Begin at the line below that has "I am riding". Stop after the line that has "Études d'une femme", repeating each line exactly and leaving out the pictures.

DATA SHOWN
--------------------------------

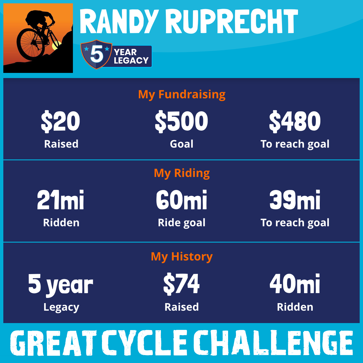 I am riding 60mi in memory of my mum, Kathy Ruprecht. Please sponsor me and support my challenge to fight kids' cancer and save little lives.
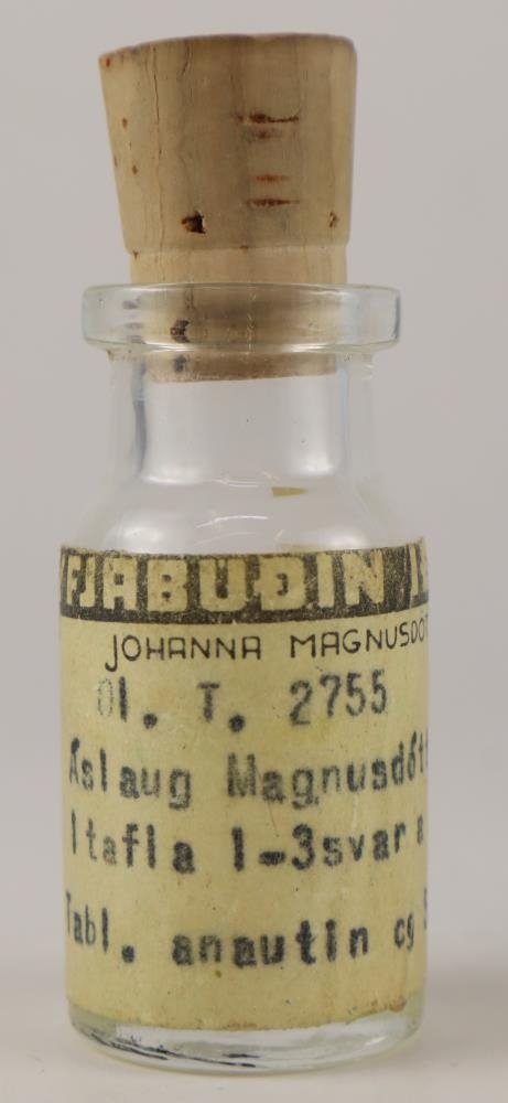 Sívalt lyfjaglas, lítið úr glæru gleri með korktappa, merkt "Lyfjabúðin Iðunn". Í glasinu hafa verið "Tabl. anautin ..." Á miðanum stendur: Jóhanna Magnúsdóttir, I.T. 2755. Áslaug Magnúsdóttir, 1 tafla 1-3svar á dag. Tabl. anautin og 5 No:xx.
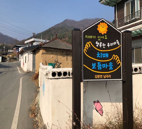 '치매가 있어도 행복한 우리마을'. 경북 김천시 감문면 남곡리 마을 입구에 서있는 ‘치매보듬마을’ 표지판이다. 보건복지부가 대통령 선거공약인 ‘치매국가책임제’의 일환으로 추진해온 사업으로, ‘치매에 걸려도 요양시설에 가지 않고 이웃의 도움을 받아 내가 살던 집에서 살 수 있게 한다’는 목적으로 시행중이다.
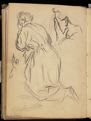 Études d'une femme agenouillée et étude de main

--------------------------------

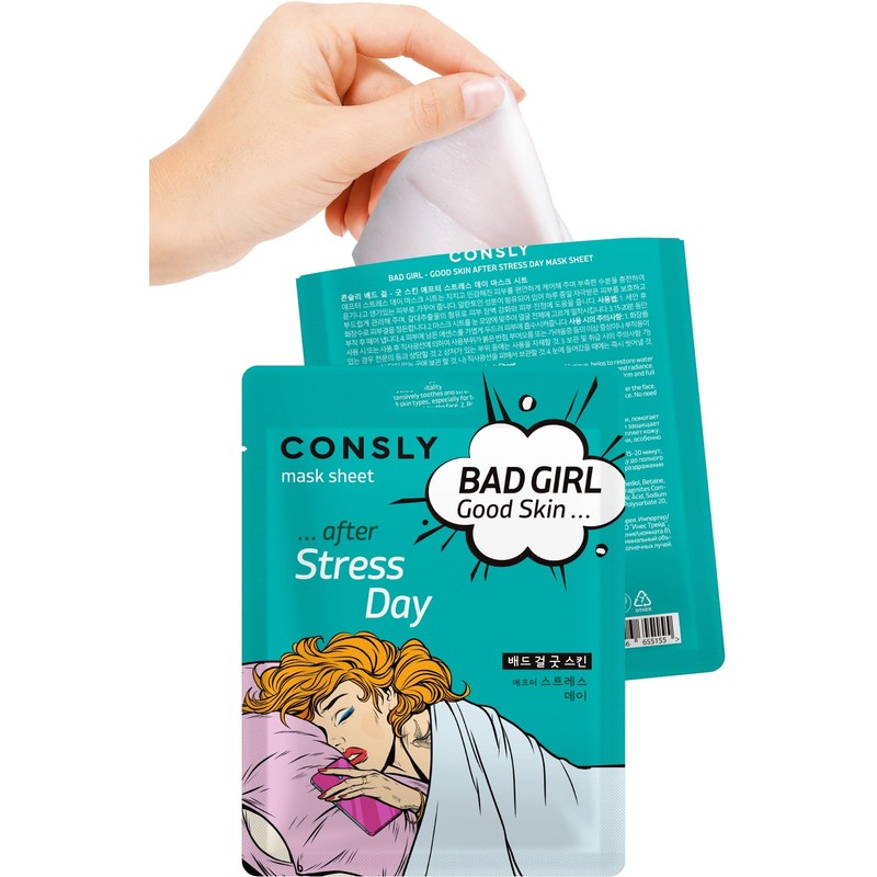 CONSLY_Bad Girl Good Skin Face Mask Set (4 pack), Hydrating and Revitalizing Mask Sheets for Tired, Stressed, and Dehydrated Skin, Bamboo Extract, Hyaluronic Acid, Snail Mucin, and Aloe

--------------------------------

TASK OUTPUT
 I am riding 60mi in memory of my mum, Kathy Ruprecht. Please sponsor me and support my challenge to fight kids' cancer and save little lives.
 Sívalt lyfjaglas, lítið úr glæru gleri með korktappa, merkt "Lyfjabúðin Iðunn". Í glasinu hafa verið "Tabl. anautin ..." Á miðanum stendur: Jóhanna Magnúsdóttir, I.T. 2755. Áslaug Magnúsdóttir, 1 tafla 1-3svar á dag. Tabl. anautin og 5 No:xx.
 '치매가 있어도 행복한 우리마을'. 경북 김천시 감문면 남곡리 마을 입구에 서있는 ‘치매보듬마을’ 표지판이다. 보건복지부가 대통령 선거공약인 ‘치매국가책임제’의 일환으로 추진해온 사업으로, ‘치매에 걸려도 요양시설에 가지 않고 이웃의 도움을 받아 내가 살던 집에서 살 수 있게 한다’는 목적으로 시행중이다.
 Études d'une femme agenouillée et étude de main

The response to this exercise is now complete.